The cost of rejecting expanded Medicaid

Posted by AzBlueMeanie:

Ezra Klein reports on a new study by the Rand Corporation today in the Wonkbook: The terrible deal for states rejecting Medicaid:

Curious why some hardcore conservative governors, including Jan
Brewer of Arizona and Rick Scott of Florida, are fighting with their
legislators to accept Obamacare’s Medicaid expansion? A new study in the journal Health Affairs article will clear it up.

The study, by the Rand corporation, looks at the 14 states that have
said they will opt out of the new Medicaid funds. It finds that the
result will be they get $8.4 billion less in federal funding, have to
spend an extra $1 billion in uncompensated care, and end up with about
3.6 million fewer insured residents.

So then, the math works out like this: States rejecting the expansion
will spend much more, get much, much less, and leave millions of their
residents uninsured. That’s a lot of self-inflicted pain to make a
political point.

It’s a truism of health-care politics that the uninsured are
impossible to organize. But Obamacare creates an extraordinarily unusual
situation. The Affordable Care Act will be implemented in states that
reject Medicaid. There will be huge mobilization efforts in those
states, too, as well as lots of press coverage of the new law. The
campaign to tell people making between 133 and 400 percent of poverty
that they can get some help buying insurance will catch quite a few
people making less than that in its net. And then those people will be
told that they would get health insurance entirely for free but for an
act of their governor and/or state legislature.

Typically, in politics, there’s no guarantee that winning an election
will get anything big done. Politicians talk about ending wars and
reforming health care, but then they take office, have one meeting with
the chairman of the relevant committee, and back off. Here, however,
federal law already says Americans making less than 133 percent of
poverty are entitled to Medicaid coverage. All that needs to happen is
for recalcitrant state governors and legislators to get out of the
way.
The publicity the benefit will get, the value it has to the target
population, and the clear political path to getting that benefit all
present an extraordinary organizing opportunity.

Only the reckless and fiscally irresponsible would reject this deal out of ill will and spite for President Obama, and radical ideological extremism. Their rantings and ravings should fall on deaf ears.

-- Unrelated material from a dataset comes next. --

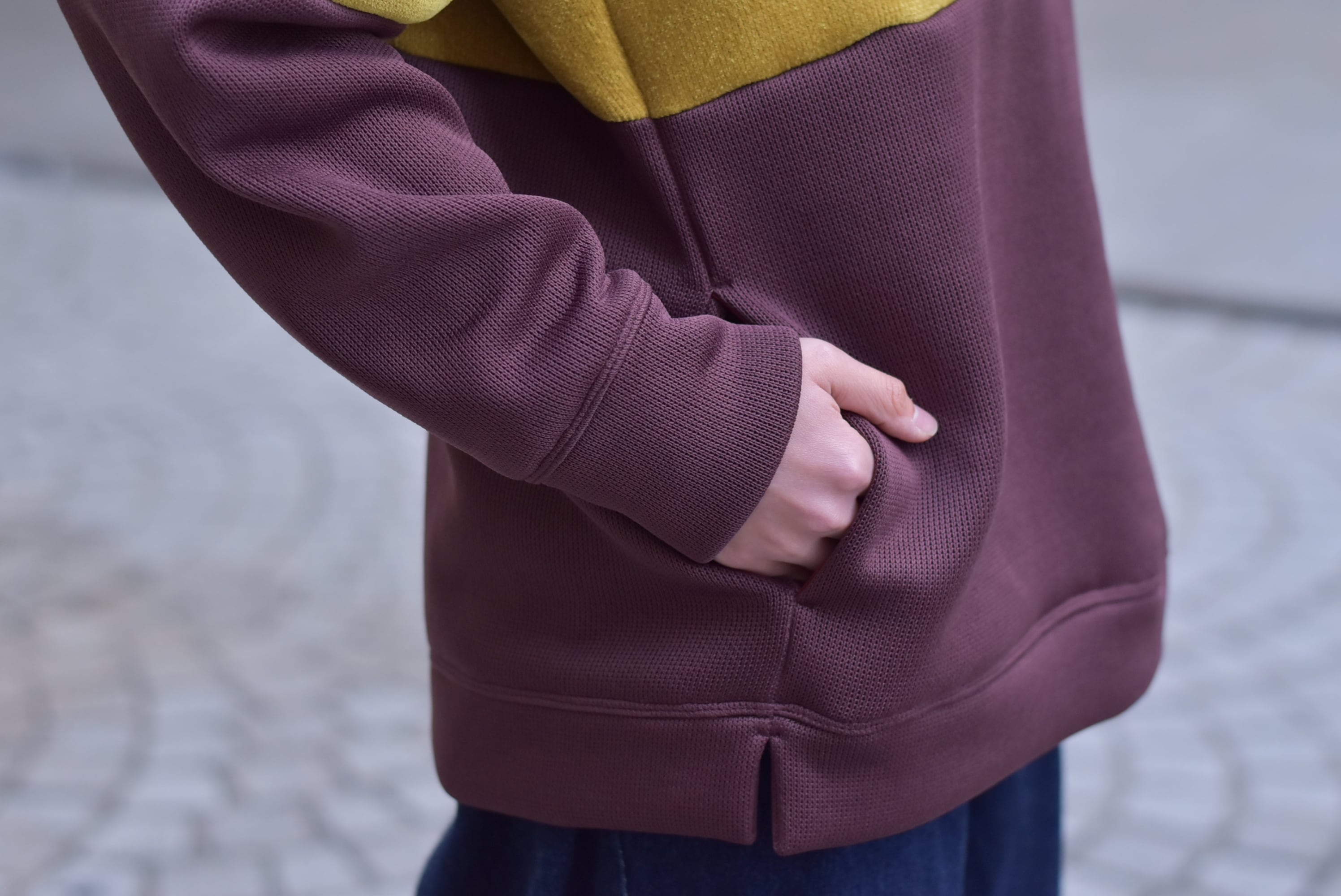 3色を切り替えた、ダブルフェイスジャージー素材の

UPDATE: More from Think Progress, STUDY: States Refusing To Expand Medicaid Will Lose Out On More Than $8 Billion:

“Our analysis shows it’s in the best economic interests of states to
expand Medicaid under the terms of the federal Affordable Care Act,”
Carter Price, the study’s lead author, explained
in a press release. “State policymakers should be aware that if they do
not expand Medicaid, fewer people will have health insurance, and that
will trigger higher state and local spending for uncompensated medical
care.”

* * *

Considering the fact that rejecting the Medicaid expansion represents a
bad fiscal move for states, some Republican leaders have suggested that
it’s not actually a conservative position. This week, Kasich pointed out
that Ronald Reagan — who approved several expansions of the federal
insurance program to additional populations, like pregnant women and
low-income children, during his time in office — would likely be in favor of expanding Medicaid.